# The CLINT data repository and Intake data catalogs

## Organisation of the CLINT storage area containing the data repository

- The central CLINT data repository is hosted at **/work/bk1318/Data_Repository** as part of the **/work/bk1318** CLINT storage allocation
- The overall structure of the CLINT work area is:
     - *Data_Repository*: the central CLINT data repository, hosting FAIR CLINT data
     - kxxxx: private working areas of CLINT members

## Central data repository structure
- The overall structure will be agreed and updated regularly (PMB meetings and General Assembly meetings)
- The initial structure is:
    - **Catalogs**: catalogs helping to locate and access data (including external sources)
    - **history.txt**: high level book keeping info on major updates/changes of the data repository content and structure
    - **notebooks**: notebooks illustrating repository structure and use aspects
    - **wp1** .. **wp8**: work package areas
    - **climate_service**: data associated to (pre-operational) climate service prototypes

## CLINT repository associated directly accessible data pools 
- DKRZ hosts large climate data collections (CMIP3, CMIP5, CMIP6, CORDEX, ERA5, etc.) as part of their **/pool/data** storage pool
- all this data can be searched and directly accessed with the help of intake data catalogs
- A detailed overview of the use of Intake at DKRZ is available:
    - [Intake tutorials](https://tutorials.dkrz.de/tutorial_intake-1-introduction.html)
    - [Uce cases](https://tutorials.dkrz.de/use-cases.html)

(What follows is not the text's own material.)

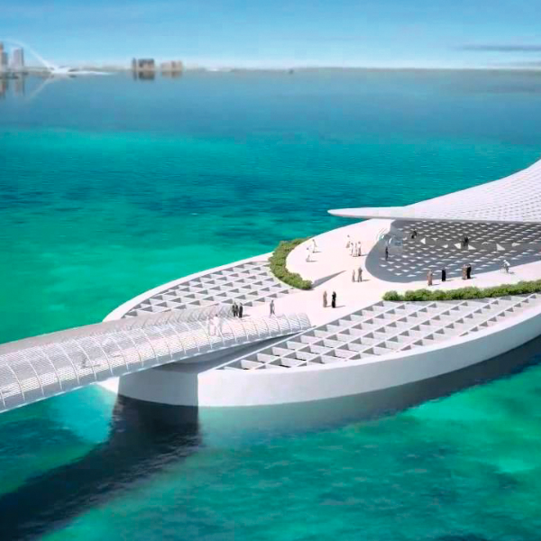 The Sharq Crossing (formerly known as the Doha Bay Crossing) Masterplan was developed by Santiago Calatrava for the Ministry of Municipal Affairs and Urban Planning (MMUP) in Qatar. With a unique, iconic design, this tunnel/bridge combination connects the airport with the West Bay Financial District and the Cultural City on the mainland.

### Intake Catalog examples
- use catalogs of DKRZ data pool 
- use ad hoc catalogs for CLINT

In [None]:
import intake
import xarray as xr
#import xarray as xr
intake.gui

In [None]:
# the master catalog references all available catalogs
# it can be added to to gui and loaded 
intake.gui.add('/pool/data/Catalogs/dkrz_catalog.yaml')
master_catalog = intake.open_catalog('/pool/data/Catalogs/dkrz_catalog.yaml')
#parent_col

The catalogs are acccessible at /pool/data/Catalogs and can also be directly loaded via intake_esm (see [intake tutorials])(https://tutorials.dkrz.de/intake.html)

In [None]:
!ls /pool/data/Catalogs

## Example 1: Use CMIP6 intake catalog

In [None]:
cmip6_catalog = master_catalog["dkrz_cmip6_disk"]

In [None]:
cmip6_catalog.df.head()

In [None]:
tas = cmip6_catalog.search(experiment_id="historical", source_id="MPI-ESM1-2-HR", variable_id="tas", table_id="Amon", member_id="r1i1p1f1")
tas

In [None]:
my_tas = tas.to_dataset_dict()
my_tas['CMIP.MPI-ESM1-2-HR.historical.Amon.gn']

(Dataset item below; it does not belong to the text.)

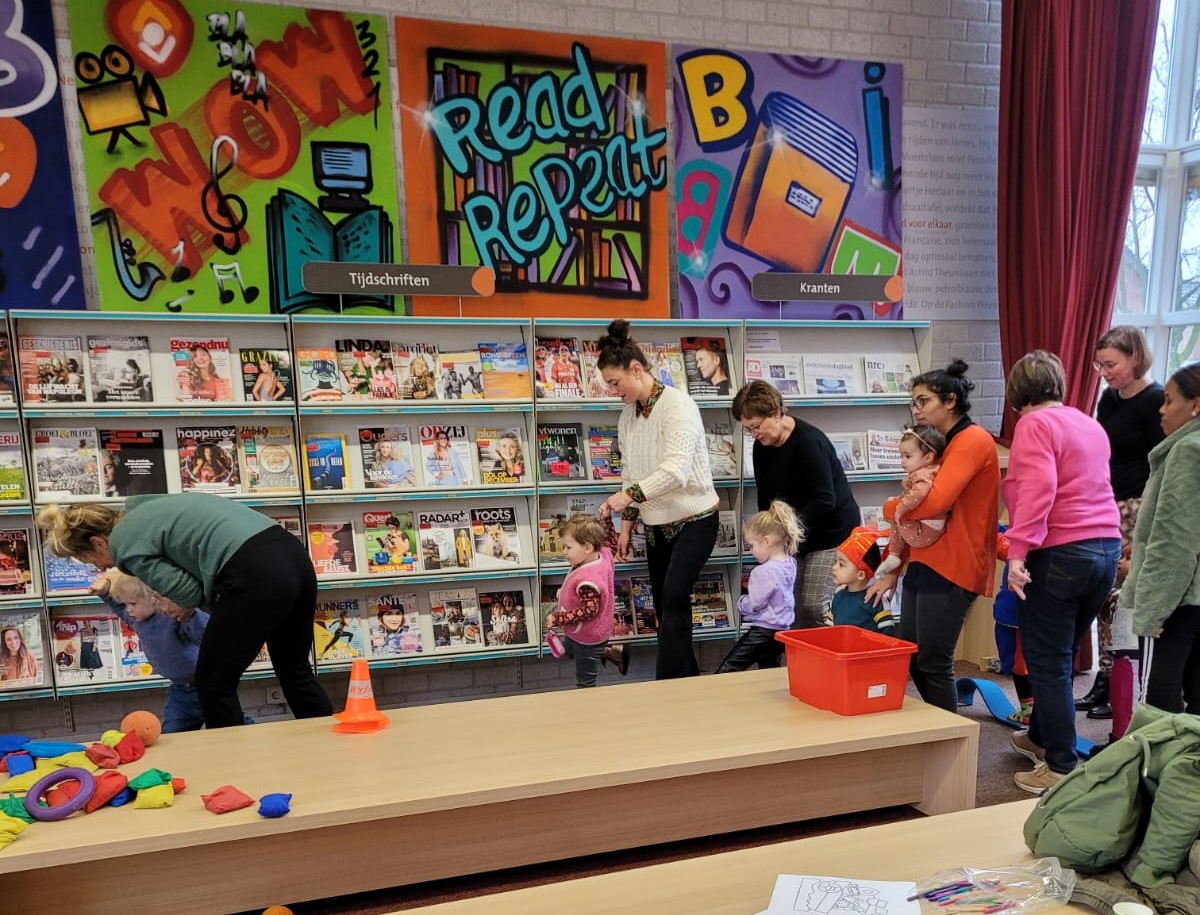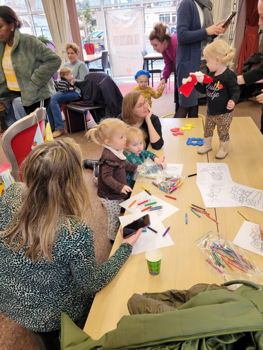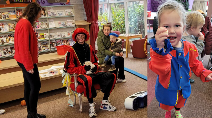 Het was een dag voor de verjaardag van Sinterklaas enorm druk tijdens de peuterochtend in de Nijkerkse bibliotheek. In samenwerking met Nijkerk Sportief en Gezond was een stoute Piet uitgenodigd. Alle kinderen werden getrakteerd op wat lekkers en er konden kleurplaten worden gemaakt. Foto Ingrid Pasker

## Example 2: Use ERA5 intake catalog

In [None]:
era5_catalog = master_catalog['dkrz_era5_disk']

query = {'level_type':'surface',
         'frequency':'hourly',
         'code':167,
        }


In [None]:
my_catalog =  era5_catalog.search(**query)
my_catalog.df.head()

In [None]:
path1 = my_catalog.df['path'].iloc[1]
path1

In [None]:
wds = xr.load_dataset(path1,engine='cfgrib',backend_kwargs= {'indexpath':''})
wds

## Intake example for structuring CLINT data repository data collections 
- if a simple naming convention is used e.g. a_b_c_d.nc to structure files this can be directly exploited to make data searchable and accessible via intake:

In [None]:
intake.gui.add('/work/bk1318/Data_Repository/Catalogs/test.yml')


In [None]:
cat = intake.open_catalog('/work/bk1318/Data_Repository/Catalogs/test.yml')

In [None]:
cat.wp8.get_entry_kwarg_sets()

In [None]:
cat.wp8.get_entry(foo='a', bar='b')